*** RECORDS FOR PROCESSING ***

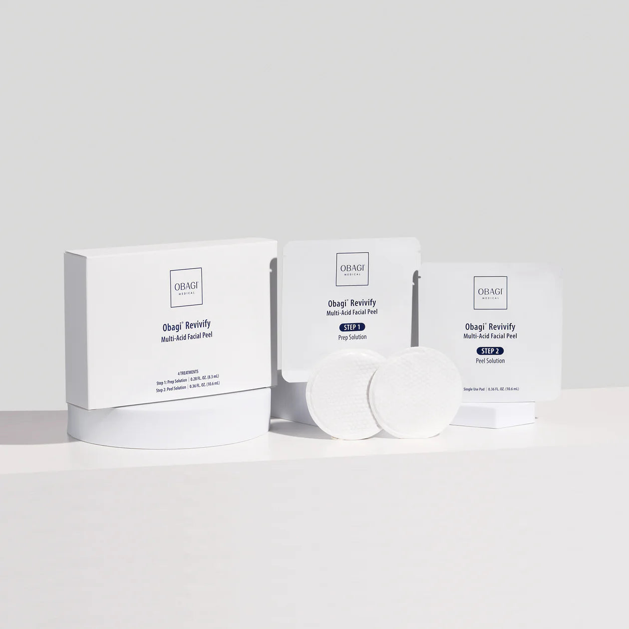 Obagi’s Revivify Multi-Acid Facial Peel is a routine revival by jumpstarting the skin cycle and unveiling a smoother, brighter appearance.
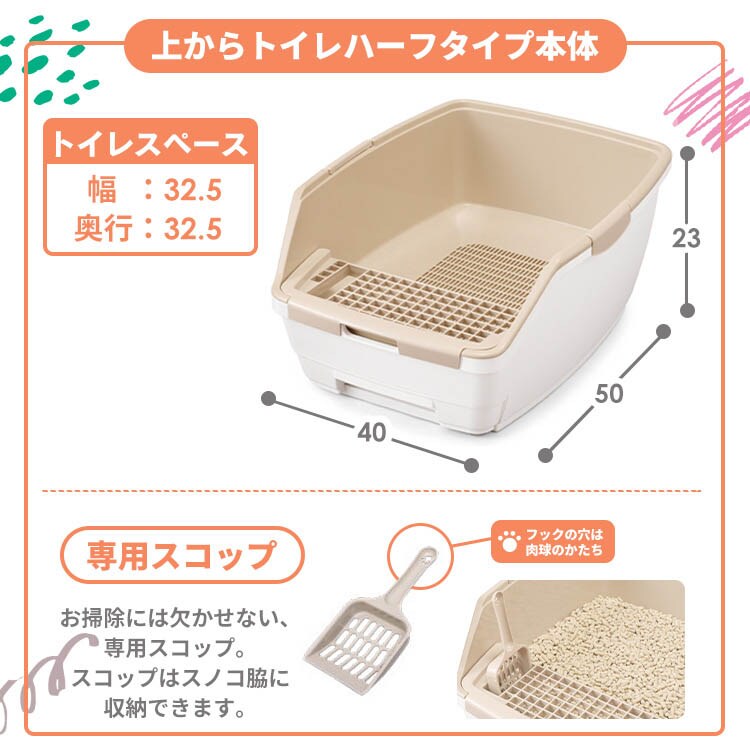 | トイレ本体、専用スコップ、消臭サンド:木砂(大きめ)2.2L、消臭シート:通常用シート4枚 |
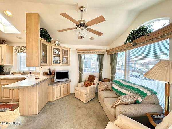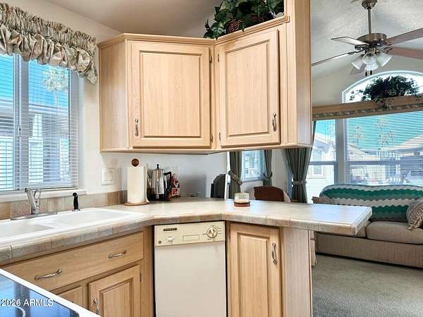 This 2005 DESERT OASIS IS perfectly situated NORTH FACING W/ STUNNING SUPERSTITION MOUNTAIN VIEWS! OVERSIZED outdoor deck w/ LARGE under deck storage drawers is ideal for taking in the BEAUTIFUL VIEWS & PERFECT for relaxing the day away! FABULOUS RESORT LOCATION! EXPANSIVE CARPORT & SIZABLE STORAGE SHED! As you enter this LOVELY home you will find a desirable floor plan w/ a U-SHAPED kitchen boasting WHITE APPLIANCES W/ A FULL SIZE SMOOTH STOP STOVE, DISHWASHER MICROWAVE & AN ABUNDANCE of counter space. Quality cabinetry & plenty of it. DELIGHTFUL dining nook adjacent to kitchen with INCREDIBLE MOUNTAIN views while you enjoy your meals! LARGE DUAL PANE WINDOWS & A FABULOUS FRONT LIVING AREA. Perfect for entertaining and having guests come visit. The Cozy bedroom offers a built in dresser w tons of drawers & a LARGE MIRRORED CLOSET. You won't run out of storage space! Wait until you see the SPACIOUS bathroom with SIZABLE walk in shower & plenty of dressing room! FABULOUS BUILT IN DESK AREA in hall is perfect for hobbies or a home office area. This home has so much to offer! WELL LOVED, MOVE IN READY & MAKES A GREAT SUNNY ESCAPE! The outdoor shed is great for even more storage space for all your tools & extras! COME TAKE ALOOK, OWN THE LAND, OWN THE FUN in this DESIRABLE 55+ RESORT!
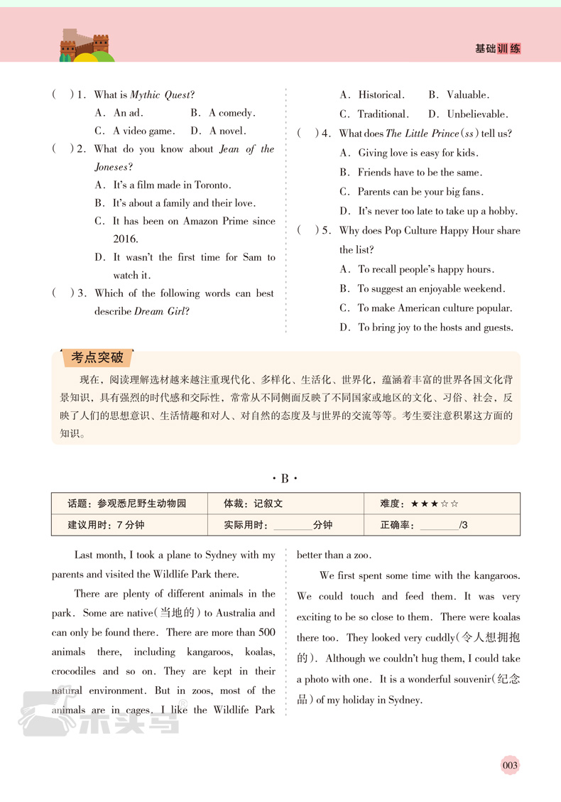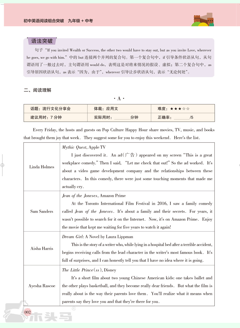 2025版名师特训初中英语阅读组合突破9年级+中考全彩版)(WX)
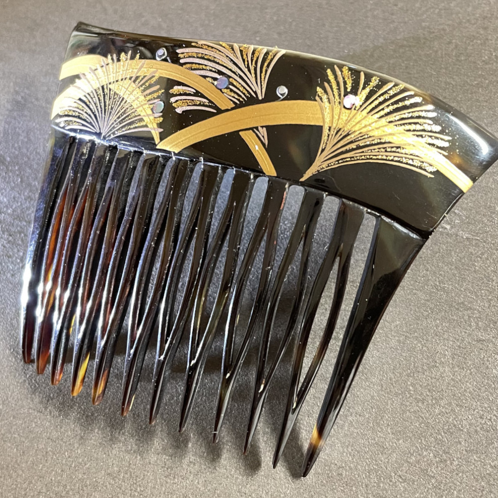 黒本べっ甲櫛に金色ですっきりとススキを描いてみました。
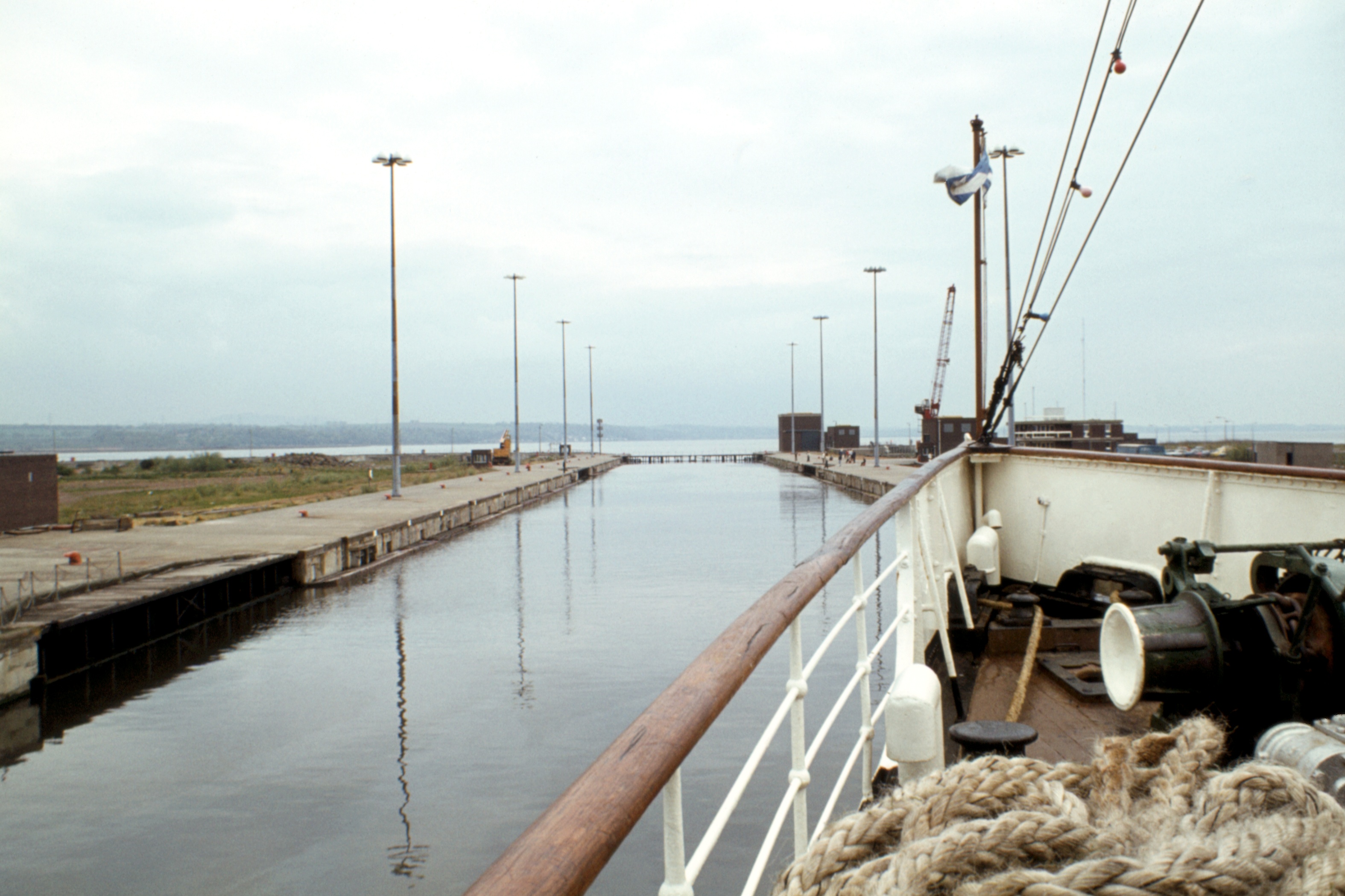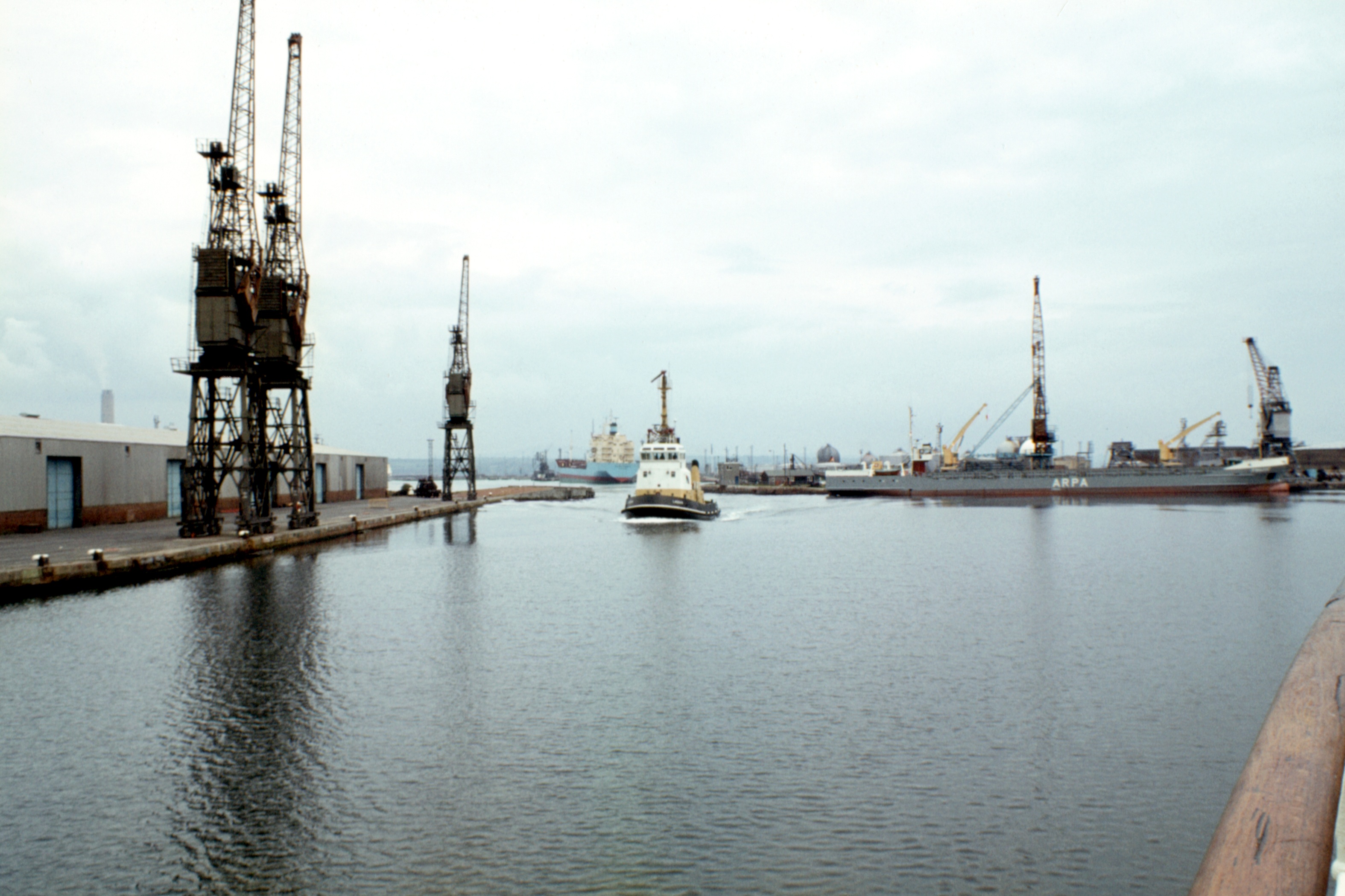 A tug in Grangemouth Docks | The Grangemouth sea lock |
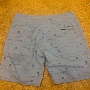 Size ripped out. Worn by a size medium see measurements to see sizes. Velcro and drawstring. Some loose string at top of shorts.
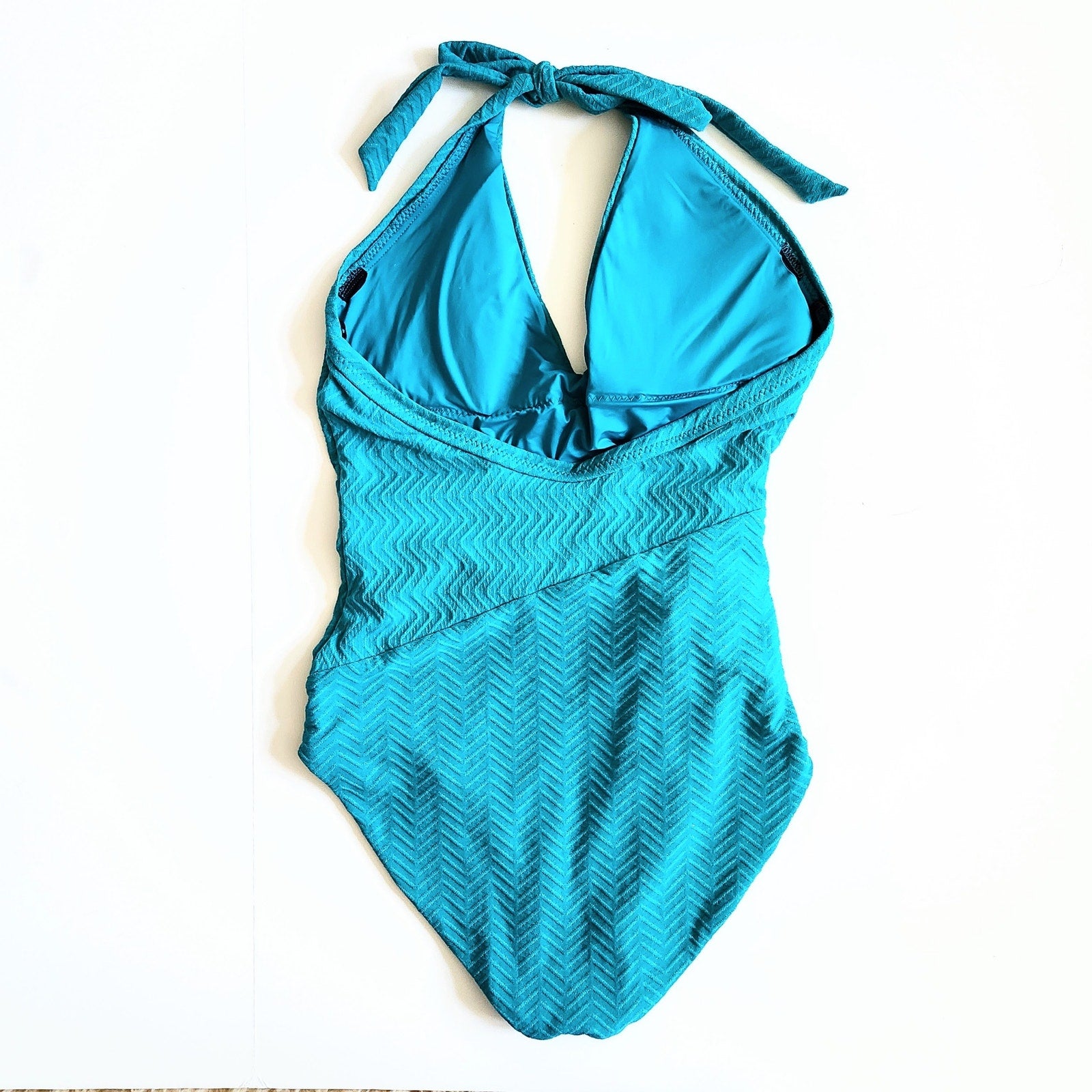 Trina Turk Women's Empire Halter One Piece Swimsuit Marine Teal Chevron Metallic Size 14 NWOT
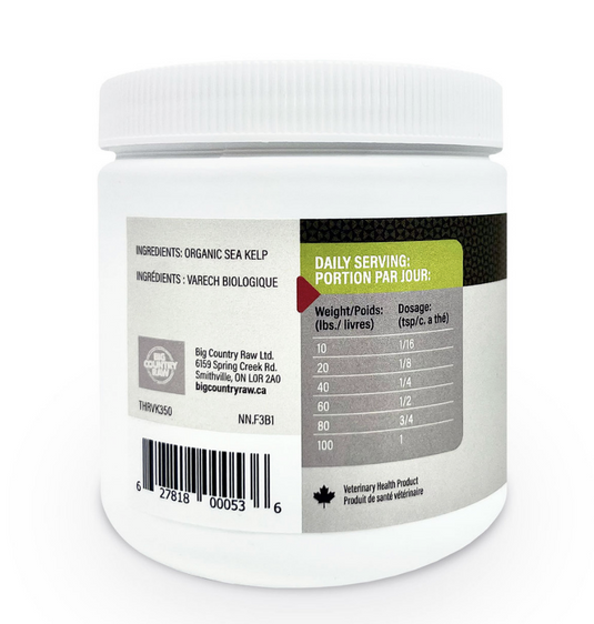 Do not add to food that already include kelp, or another source of iodine. Do not use in pregnant or lactating animals Do not use in animals with thyroid disease and not for long term use, unless directed by a veterinarian. Store out of direct sunlight. Keep out of reach of children. No refrigeration required.

*** End of RECORDS FOR PROCESSING ***

== WHAT YOU ARE ASKED TO DO ==
Reproduce, word for word, only the lines in the records above from the line with "Size ripped out." through the line with "Trina Turk Women's", including both ends; omit the pictures.

== FINISHED TASK ==
 Size ripped out. Worn by a size medium see measurements to see sizes. Velcro and drawstring. Some loose string at top of shorts.
 Trina Turk Women's Empire Halter One Piece Swimsuit Marine Teal Chevron Metallic Size 14 NWOT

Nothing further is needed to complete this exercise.